[Opening GIVEN RECORDS section]

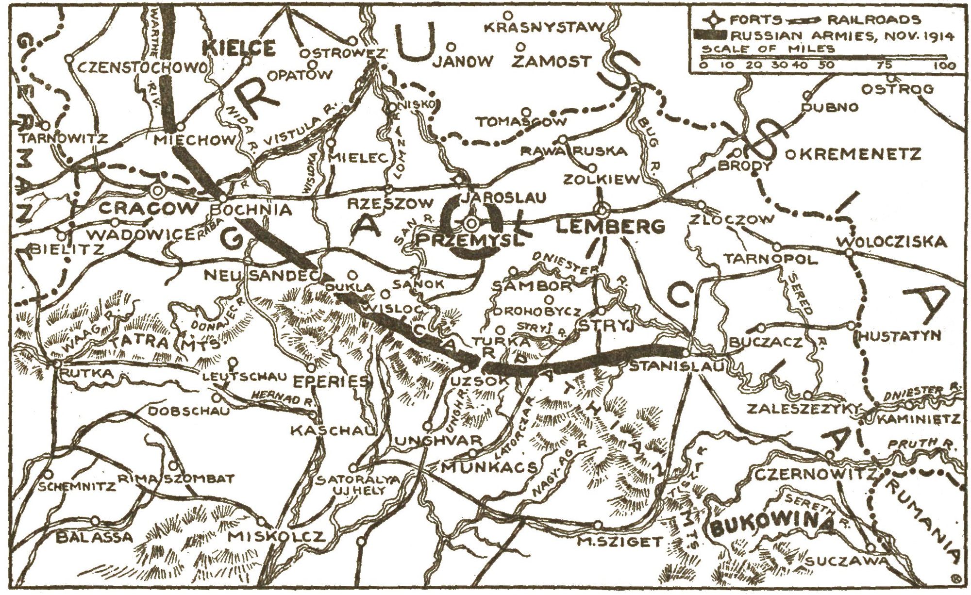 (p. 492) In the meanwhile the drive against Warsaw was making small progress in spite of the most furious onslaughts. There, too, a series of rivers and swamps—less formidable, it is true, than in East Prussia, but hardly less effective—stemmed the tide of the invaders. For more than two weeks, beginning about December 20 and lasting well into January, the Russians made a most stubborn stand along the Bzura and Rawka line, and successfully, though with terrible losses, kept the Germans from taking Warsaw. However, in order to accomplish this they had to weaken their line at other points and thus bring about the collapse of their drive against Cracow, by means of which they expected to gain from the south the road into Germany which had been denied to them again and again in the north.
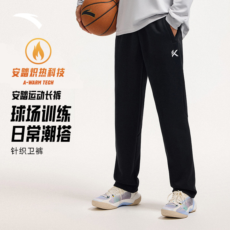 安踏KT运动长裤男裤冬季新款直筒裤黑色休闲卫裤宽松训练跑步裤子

[Closing GIVEN RECORDS section]
[Opening GIVEN RECORDS section]

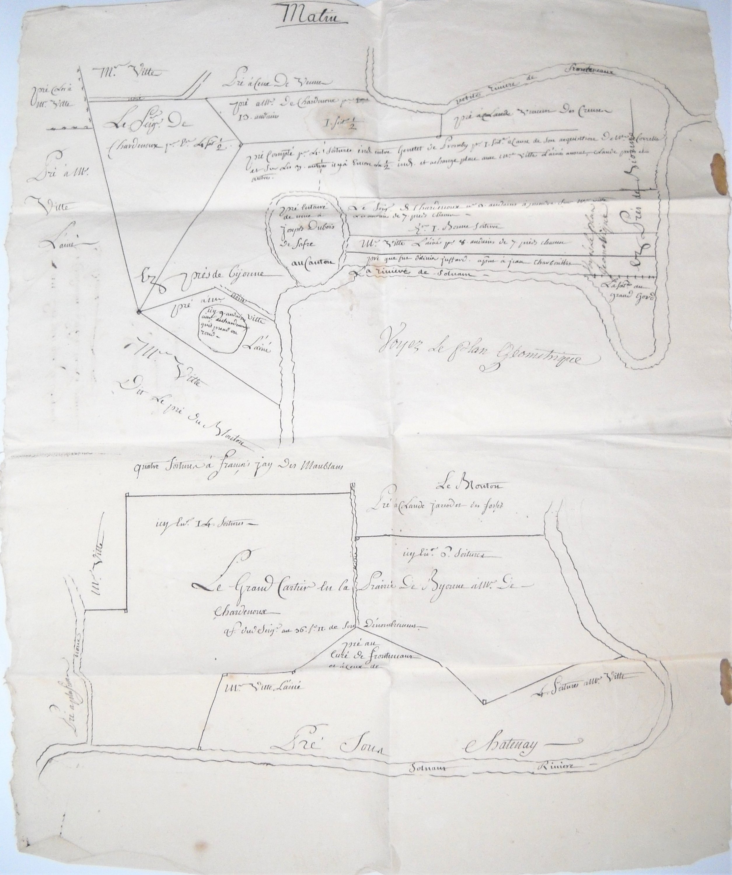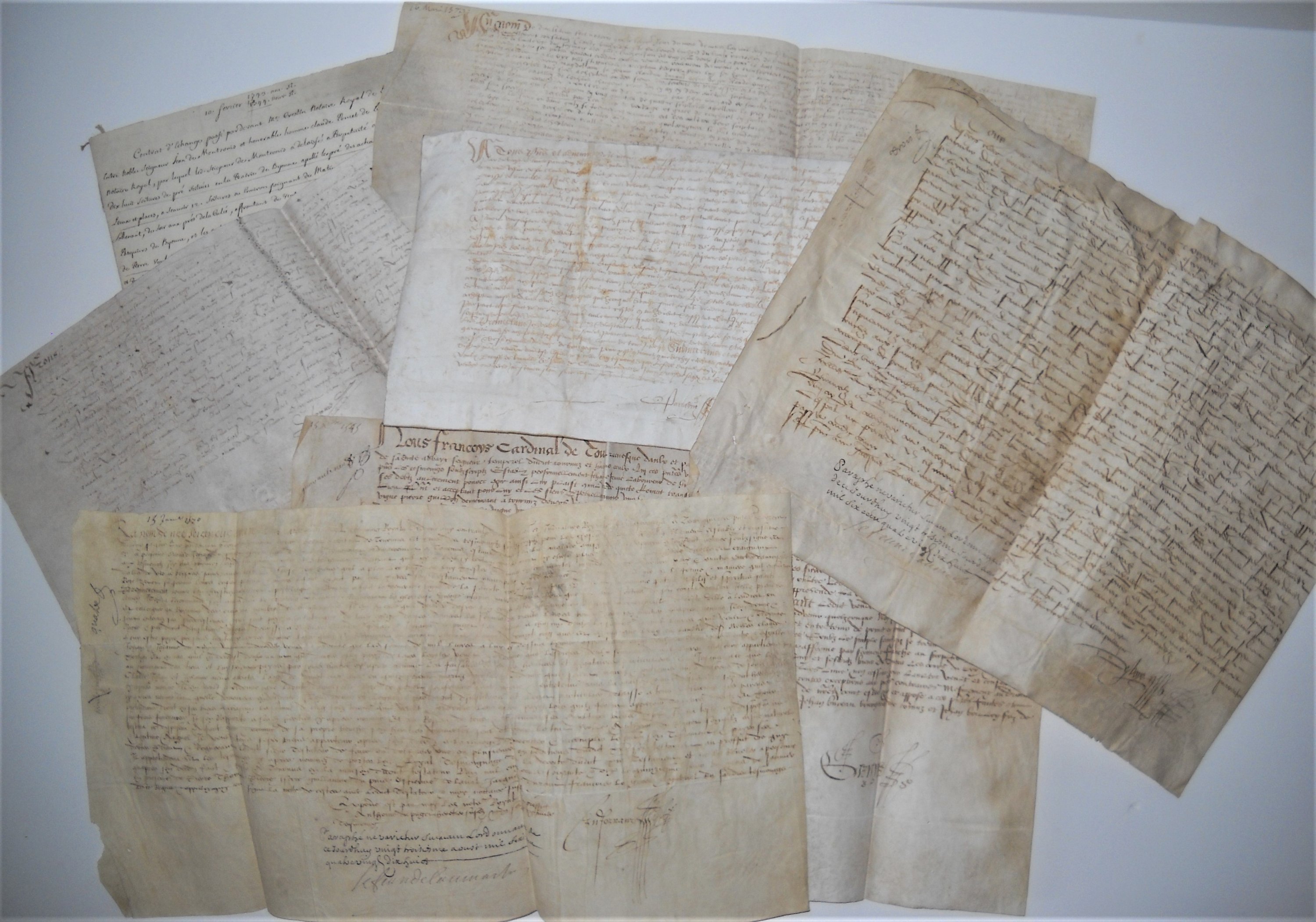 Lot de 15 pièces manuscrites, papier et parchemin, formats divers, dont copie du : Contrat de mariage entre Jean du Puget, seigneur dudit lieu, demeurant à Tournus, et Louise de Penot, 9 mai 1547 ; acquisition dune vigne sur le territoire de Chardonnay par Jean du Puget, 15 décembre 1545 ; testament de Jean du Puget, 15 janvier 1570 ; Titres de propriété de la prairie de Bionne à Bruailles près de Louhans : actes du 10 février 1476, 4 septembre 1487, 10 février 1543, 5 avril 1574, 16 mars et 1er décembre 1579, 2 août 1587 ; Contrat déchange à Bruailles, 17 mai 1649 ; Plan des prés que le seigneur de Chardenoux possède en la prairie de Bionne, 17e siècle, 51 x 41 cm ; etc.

[Closing GIVEN RECORDS section]

From the records above, copy exactly the stretch from the line holding "(p. 492) In" through the line holding "安踏KT运动长裤男裤冬季新款直筒裤黑色休闲卫裤宽松训练跑步裤子", both ends included, without the pictures.

 (p. 492) In the meanwhile the drive against Warsaw was making small progress in spite of the most furious onslaughts. There, too, a series of rivers and swamps—less formidable, it is true, than in East Prussia, but hardly less effective—stemmed the tide of the invaders. For more than two weeks, beginning about December 20 and lasting well into January, the Russians made a most stubborn stand along the Bzura and Rawka line, and successfully, though with terrible losses, kept the Germans from taking Warsaw. However, in order to accomplish this they had to weaken their line at other points and thus bring about the collapse of their drive against Cracow, by means of which they expected to gain from the south the road into Germany which had been denied to them again and again in the north.
 安踏KT运动长裤男裤冬季新款直筒裤黑色休闲卫裤宽松训练跑步裤子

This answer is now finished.